Claim: AstraZeneca 'Suspended by Two Dozen European Countries'
Of all of the meme's claims, the assertion about AstraZeneca was the least misleading. It was a direct reference to the manufacturer's COVID-19 vaccine (which is not currently in use in the U.S. and was developed in partnership with Oxford University) instead of an out-of-context fact pertaining to other pharmaceutical products.
"AstraZeneca: Suspended by two dozen European countries due to severe, lethal adverse reactions, like blood clots," the post alleged.
Yes, in spring 2021, a number of European countries (Denmark, Norway, Iceland, Bulgaria, etc.) temporarily suspended rollouts of the AstraZeneca COVID-19 vaccine after reports of patients developing blood clots. Less than 40 cases of blood clots were reported out of the 17 million vaccine recipients, according to AstraZeneca.
Additionally, the meme's use of the phrase "due to" discredited its message.

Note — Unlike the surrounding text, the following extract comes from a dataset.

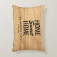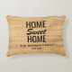 Una almohada tipográfica personalizada que presenta un fondo texturado de madera clara con la cita "Hogar dulce hogar". Añada el apellido de su familia a este producto para darle un toque personal.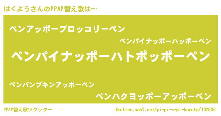 | ピコ太郎風あだ名 | 『ハハ太郎』『ピハ十郎』『ハク一郎』 |

Rather, AstraZeneca, health officials, the World Health Organization (WHO) and government regulatory bodies all said there was no causal link between the vaccine formula and the patients' blood clots.
"In fact, nearly every country that issued a suspension acknowledged that it had no evidence the vaccine had caused the blood clots," NBC reported at the time. "Health experts have pointed out that the people most likely to currently be receiving COVID-19 vaccinations are also more likely to have other health problems, which could put them at higher risk for blood clots."
See our fact check into the matter here.
Since then, many European countries restarted their programs after the European Medicine Agency dubbed the AstraZeneca vaccine “safe and effective" despite the blood-clot reports. EMA said in a statement:
- the benefits of the vaccine in combating the still widespread threat of COVID-19 (which itself results in clotting problems and may be fatal) continue to outweigh the risk of side effects;
- the vaccine is not associated with an increase in the overall risk of blood clots (thromboembolic events) in those who receive it;
- there is no evidence of a problem related to specific batches of the vaccine or to particular manufacturing sites;
- however, the vaccine may be associated with very rare cases of blood clots associated with thrombocytopenia, i.e. low levels of blood platelets (elements in the blood that help it to clot) with or without bleeding, including rare cases of clots in the vessels draining blood from the brain (CVST).
In other words, we rate the meme's claim regarding AstraZeneca a "Mixture" of false and factual information. It was true that a number of European countries temporarily suspended the use of the manufacturer's COVID-19 vaccine after a handful of recipients reported blood clots.
But no evidence proved those thromboembolic issues were a direct, adverse affect of the vaccine (rather than unrelated medical issues), and several countries restarted their AstraZeneca vaccination programs since the brief halt.